START DATA RECORDS

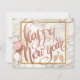 Ein Preis SMALLER 4,5" x 5,6" Alternative in einem SEMI-GLOSS 110 lb CARD STOCK, ähnlich der Dicke einer Postkarte. Die Umschläge sind etwas größer als die Kartengröße. Happy Neujahr Script Champagne Balloons. Senden Sie funkelnd Grüße mit Happy New Year in der Mitte Bühne in einer eleganten Rose Goldskripttypografie in einem goldenen Imitat glitschig Grenze und Gold Konfetti und wirl gemusterte Grenze an einem Elfenbeinrahmen. Champagner, Ballons, Maske und Hintergrunduhrturm runden das Design ab. Auf der Rückseite ist ein koordinierendes Muster, das Sie mit Ihrem Gruß, Ihren Namen und dem Jahr leicht personalisieren können.
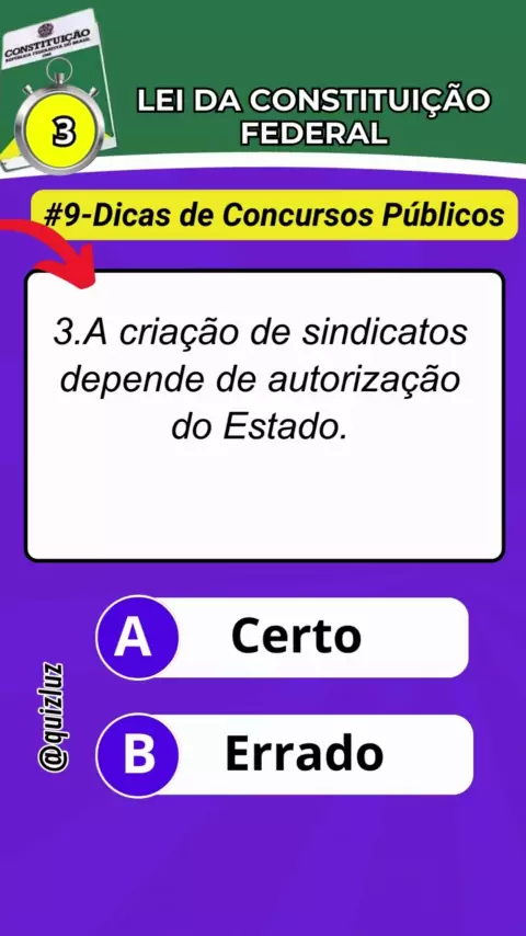 Dicas de Concursos Públicos (#9- Artigo 5º - Lei da Constituição Federal) #quiz #quiztime #direito #concursos #concursospublicos
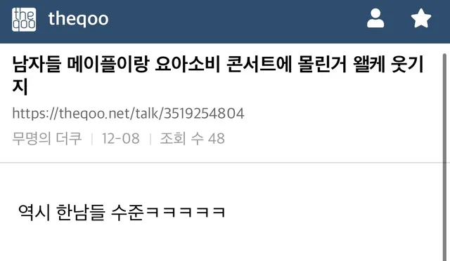 이 시국에 이대남들은 팔자 좋게 콘서트 보러 간다고 불타는 중
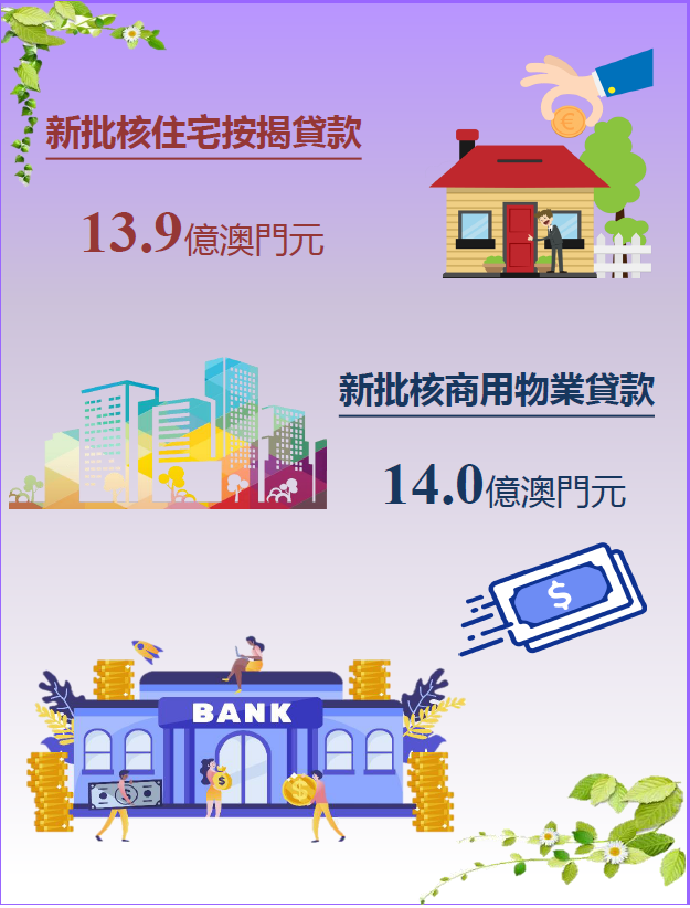 未償還商用物業貸款總額達1,650.3億澳門元,按月上升0.5%,與一年前比較增加3.4%;其中,居民部分佔93.6%。與一個月前比較,居民及非居民部分的未償還商用物業貸款分別上升0.5%及0.7%。
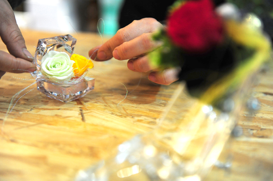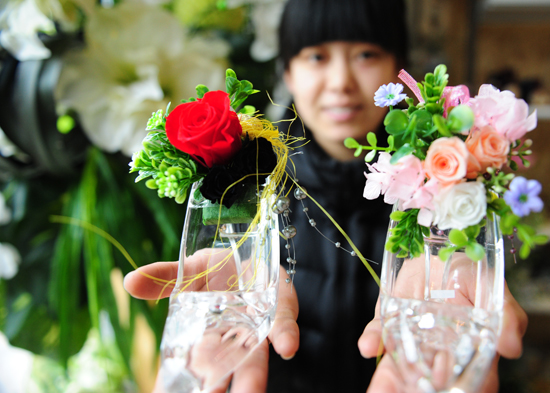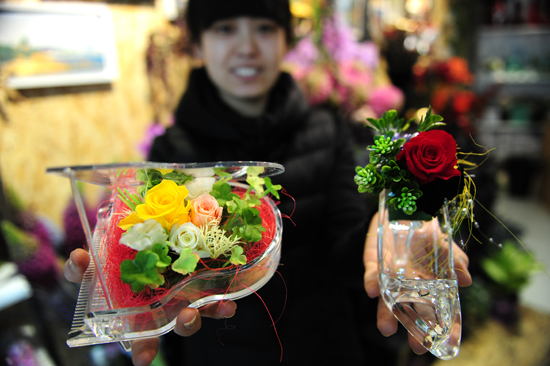 ????青島新聞網2月5日訊?? 情人節即將到來,島城花卉市場也陸續推出創意和新奇的花卉品種。記者在漳州二路和燕兒島路交匯處一家花店內看到,一種新奇的情人節干花十分熱銷,據了解,這種干花從日本引進,店主告訴記者,這種保鮮干花是今年的新品,全部從日本進口,是將玫瑰花的水分抽干以后加工而成的,因為成本較高,工藝復雜,價格也相對貴了許多。“賣相非常好,可以存放三到五年,所以十分受歡迎。”(記者 張力偉 攝)
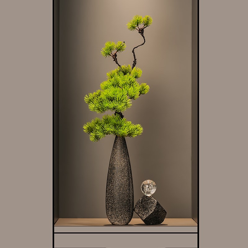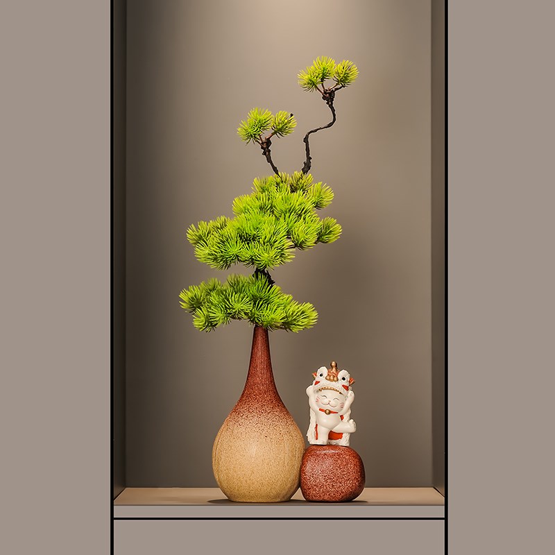 入户门玄关招财猫石来运转细长竖高花瓶摆件高级感客厅陶瓷装饰品
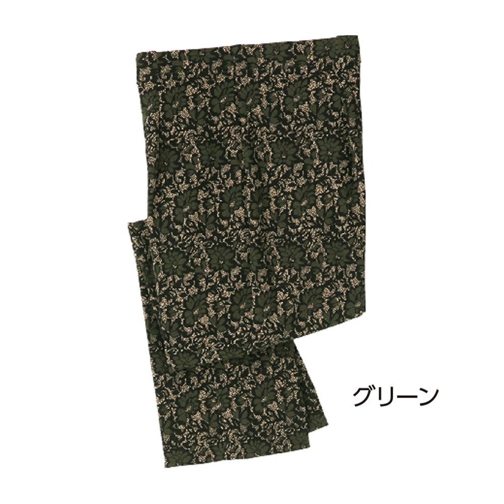 ストレッチのきいたおしゃれな花柄。全体がゆったりとしたシルエットです。 生産国:日本 素材・材質:ナイロン88%ポリウレタン12% 仕様:手洗い可 ※サプライヤー直送品 ご注文後5~6営業日後の出荷となります【商品名】カット花柄ゆったりチュニックパンツ グリーン M 8950701
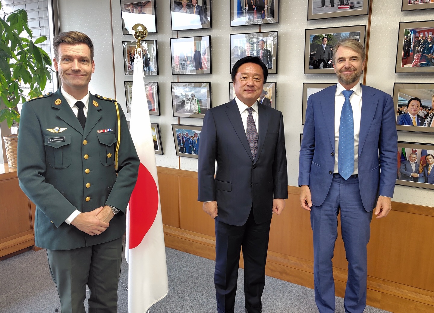 面会依頼を受け、防衛大臣補佐官室でフリース=マスン駐日デンマーク大使(写真右端)とクリステンセン駐在武官(写真左端)とお会いし、懇談しました。内容は、昨今の国際情勢と日本と デンマーク、日本と EU、日本と NATO(北
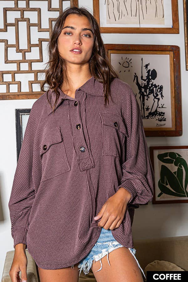French Terry Knit Collared Loose Fit TopBROWN
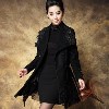 2013秋冬新款 手工釘珠黑色蕾絲外套 翻領(lǐng)女式羊毛絨大衣毛呢外套 /
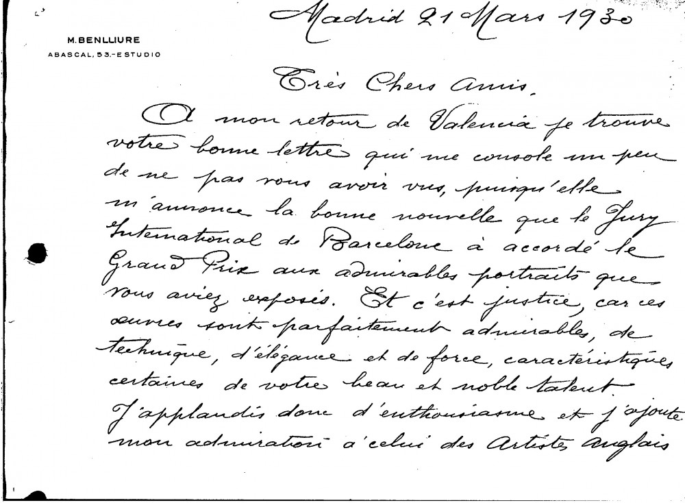 Letter from Mariano Benlliure Gil to Philip and Lucy de László, Supplementary Arranged by Years Only 1930-1932, 019-0097
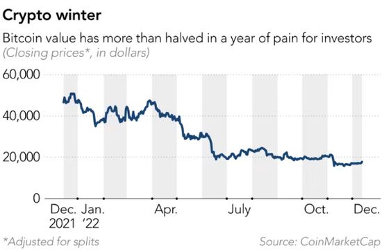 据新浪科技消息,在2022年,随着各大加密货币交易所和基金纷纷崩溃,就连最坚定的信徒都要面临信心的考验。 导火索来自新加坡。7月,随着Luna币的崩溃,加密货币对冲基金三箭资本(Three Arrows Capital)触发了整个市场的估值暴跌。“加密货币寒冬”就此开启。 混乱局面随即蔓延,就连一些更大牌的机构也被卷入其中,最著名的便是另外一家名为FTX的亚洲公司。这家交易所的创始人山姆·班克曼-弗里德(Sam Bankman-Fried)不久前还拥有数十亿美元的账面财富,但当他创立的公司在11月破产后,很快就面临美国政府的欺诈指控。 在经历了令人叹为观止的牛市之后,整个市场如今都充斥着寒意。2021年11月,所有数字货币的市值达到约3万亿美元的峰值,但在今年年中,却暴跌到不足1万亿美元。 作为整个市场最受欢迎、规模最大的加密货币,比特币也跌破1.6万美元,较去年年末的历史最高点下跌近80%,目前仍未突破1.7万美元。 这次溃败不仅压制了投资者对数字资产的热情,还在整个行业引发了规模多达数千人的裁员潮,许多业内领先的企业甚至预测,加密货币市场还将迎来更加刺骨的严寒。
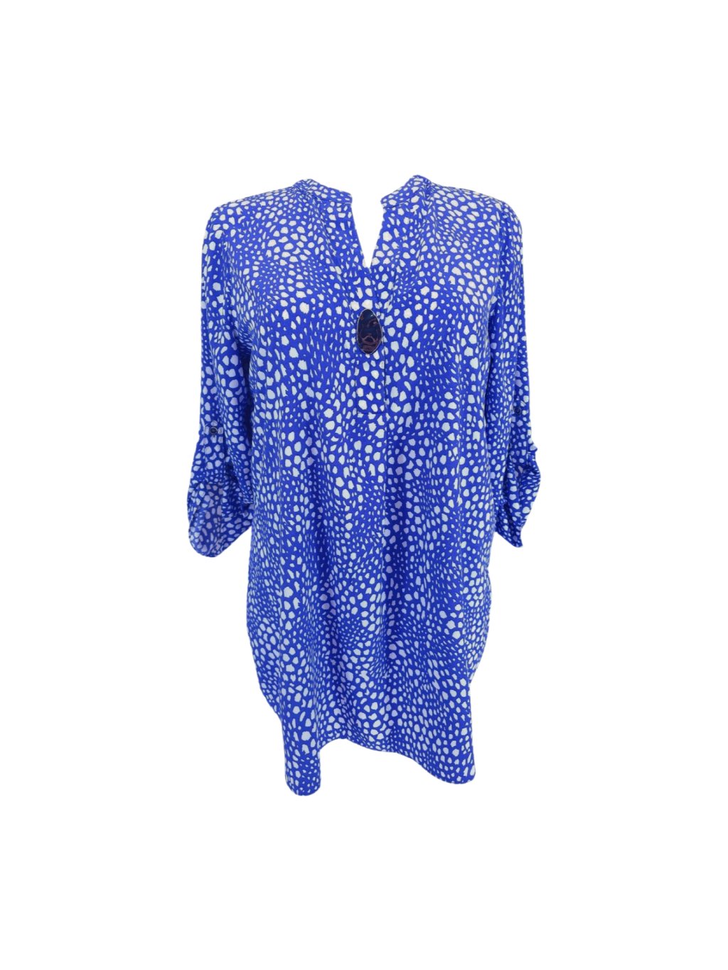 vel. UK 12 EUR 40 - přední díl delší - dole do kulata - jde i zavázat , zadní díl kratší nabraný do lemu , široké rukávy

END DATA RECORDS

WHAT YOU NEED TO DO
Everything above from the line with "未償還商用物業貸款總額達1,650.3億" through the line with "入户门玄关招财猫石来运转细长竖高花瓶摆件高级感客厅陶瓷装饰品" should be retyped exactly, and nothing else; omit pictures.

TASK OUTPUT
 未償還商用物業貸款總額達1,650.3億澳門元,按月上升0.5%,與一年前比較增加3.4%;其中,居民部分佔93.6%。與一個月前比較,居民及非居民部分的未償還商用物業貸款分別上升0.5%及0.7%。
 ????青島新聞網2月5日訊?? 情人節即將到來,島城花卉市場也陸續推出創意和新奇的花卉品種。記者在漳州二路和燕兒島路交匯處一家花店內看到,一種新奇的情人節干花十分熱銷,據了解,這種干花從日本引進,店主告訴記者,這種保鮮干花是今年的新品,全部從日本進口,是將玫瑰花的水分抽干以后加工而成的,因為成本較高,工藝復雜,價格也相對貴了許多。“賣相非常好,可以存放三到五年,所以十分受歡迎。”(記者 張力偉 攝)
 入户门玄关招财猫石来运转细长竖高花瓶摆件高级感客厅陶瓷装饰品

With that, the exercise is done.